Return the data exactly, without pictures.

————————

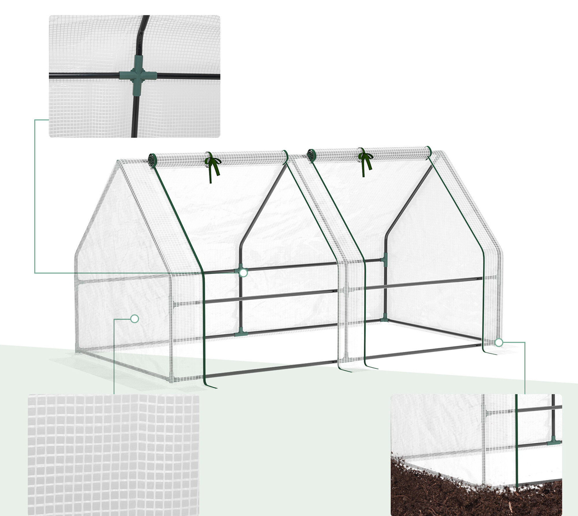 Fóliovník je ľahký, takže ho môžete ľahko premiestniť podľa potrieb. Má rolovacie okná s dvojitým zipsom pre jednoduchšie vetranie.
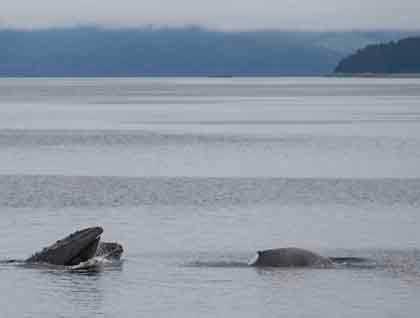 Our day started very early today in a spectacular way. Long before breakfast, we encountered several humpback whales congregated over a large area, very active at the surface. We were able to see whales in all directions, far and close. But the ones that got most of our attention were a female and her calf. The young one, presumably born just a few months ago in the warm and clear waters of the Hawaiian Islands, was very active swimming all around the place and surfacing all excited many times. He even rolled on his side a few times showing his long pectoral fin! His mom was also pretty active, but she was all business: after a long migration of several months to the tropics to give birth to her calf, during which she fasted, now she is hungry. Back in the cold productive waters of Southeast Alaska, she wastes no time in getting back into shape and this morning she regaled us many times with great views of her huge mouth as she fed at the surface. Every few minutes she broke the calm waters with her mouth wide open, showing the baleen inside, to engulf several tons of seawater together with prey—possibly herring. We watched her in awe for a long time and eventually headed towards our morning destination at Lake Eva.
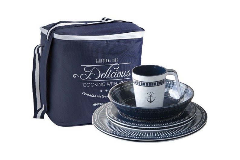 Conjunto de 24 peças, incluindo: 6 pratos rasos, 6 pratos fundo, 6 pratos de sobremesa, 6 taças e saco de transporte.
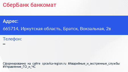 СберБанк, банкомат по адресу 665714, Иркутская область, Братск, Вокзальная, 2в в дальнейшем Организация, размещена в следующих категориях:
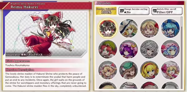 Two modes are available: the Story Mode, in which you can solve the mysteries of the destroyed Gensokyo through the Danmaku Kagura (rhythm game), and the Free Mode, in which you can play the rhythm game to your heart’s content.
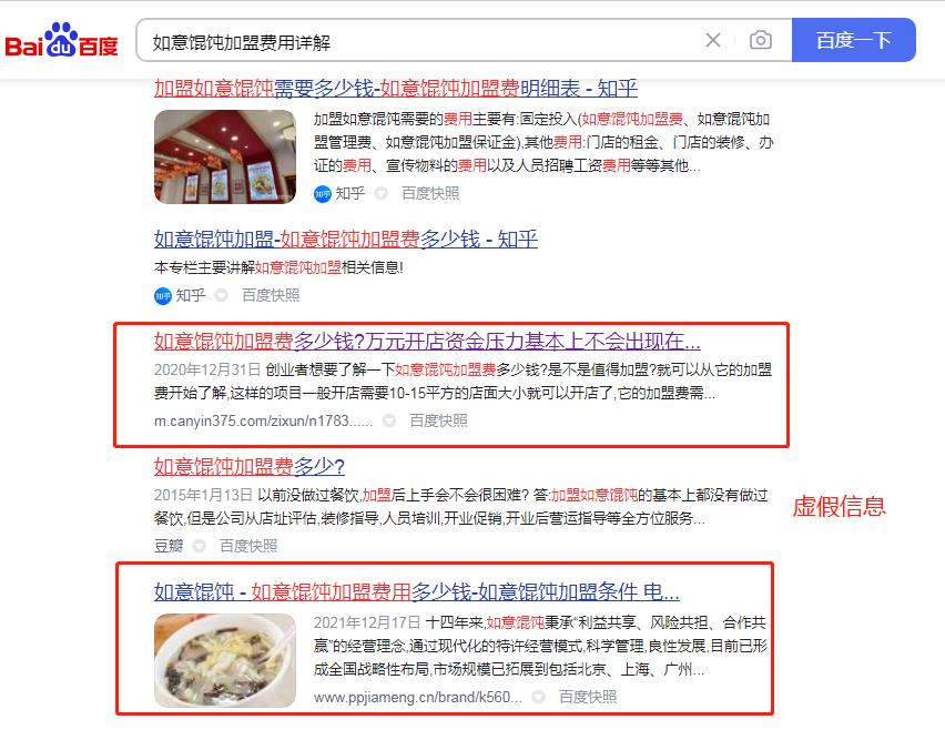 如意餛飩總部可以明確的告知大家,如意餛飩加盟費用詳解根本不存在!如果說你在網絡上進行搜索了,會有相關的結果:“如意餛飩加盟費用詳解 加盟店怎么樣 如意餛飩店加盟可靠嗎”、“如意餛飩加盟費多少錢?萬元開店資金壓力基本上不會出現在經營中”、“如意餛飩 - 如意餛飩加盟費用多少錢-如意餛飩加盟條件”等,可以看下邊的圖片:
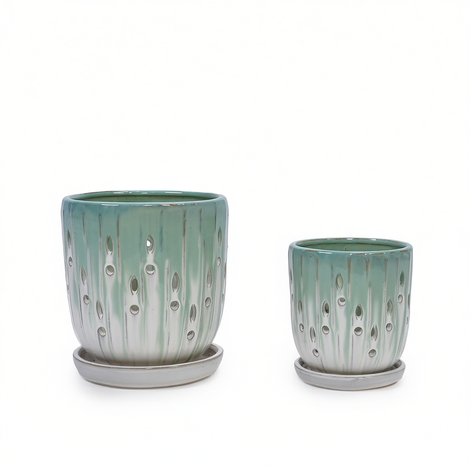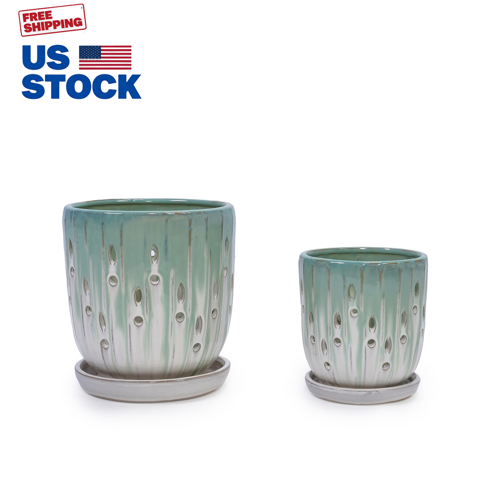 ชุดกระถางเซรามิก MDJ ทรงกลม สีเขียวขาว สไตล์อเมริกันสมัยใหม่ สำหรับปลูกดอกไม้ในร่มและกลางแจ้ง พร้อมรูระบายน้ำ ใช้ได้ทั้งในบ้านและสวน

————————

Problem solution:
 Fóliovník je ľahký, takže ho môžete ľahko premiestniť podľa potrieb. Má rolovacie okná s dvojitým zipsom pre jednoduchšie vetranie.
 Our day started very early today in a spectacular way. Long before breakfast, we encountered several humpback whales congregated over a large area, very active at the surface. We were able to see whales in all directions, far and close. But the ones that got most of our attention were a female and her calf. The young one, presumably born just a few months ago in the warm and clear waters of the Hawaiian Islands, was very active swimming all around the place and surfacing all excited many times. He even rolled on his side a few times showing his long pectoral fin! His mom was also pretty active, but she was all business: after a long migration of several months to the tropics to give birth to her calf, during which she fasted, now she is hungry. Back in the cold productive waters of Southeast Alaska, she wastes no time in getting back into shape and this morning she regaled us many times with great views of her huge mouth as she fed at the surface. Every few minutes she broke the calm waters with her mouth wide open, showing the baleen inside, to engulf several tons of seawater together with prey—possibly herring. We watched her in awe for a long time and eventually headed towards our morning destination at Lake Eva.
 Conjunto de 24 peças, incluindo: 6 pratos rasos, 6 pratos fundo, 6 pratos de sobremesa, 6 taças e saco de transporte.
 СберБанк, банкомат по адресу 665714, Иркутская область, Братск, Вокзальная, 2в в дальнейшем Организация, размещена в следующих категориях:
 Two modes are available: the Story Mode, in which you can solve the mysteries of the destroyed Gensokyo through the Danmaku Kagura (rhythm game), and the Free Mode, in which you can play the rhythm game to your heart’s content.
 如意餛飩總部可以明確的告知大家,如意餛飩加盟費用詳解根本不存在!如果說你在網絡上進行搜索了,會有相關的結果:“如意餛飩加盟費用詳解 加盟店怎么樣 如意餛飩店加盟可靠嗎”、“如意餛飩加盟費多少錢?萬元開店資金壓力基本上不會出現在經營中”、“如意餛飩 - 如意餛飩加盟費用多少錢-如意餛飩加盟條件”等,可以看下邊的圖片:
 ชุดกระถางเซรามิก MDJ ทรงกลม สีเขียวขาว สไตล์อเมริกันสมัยใหม่ สำหรับปลูกดอกไม้ในร่มและกลางแจ้ง พร้อมรูระบายน้ำ ใช้ได้ทั้งในบ้านและสวน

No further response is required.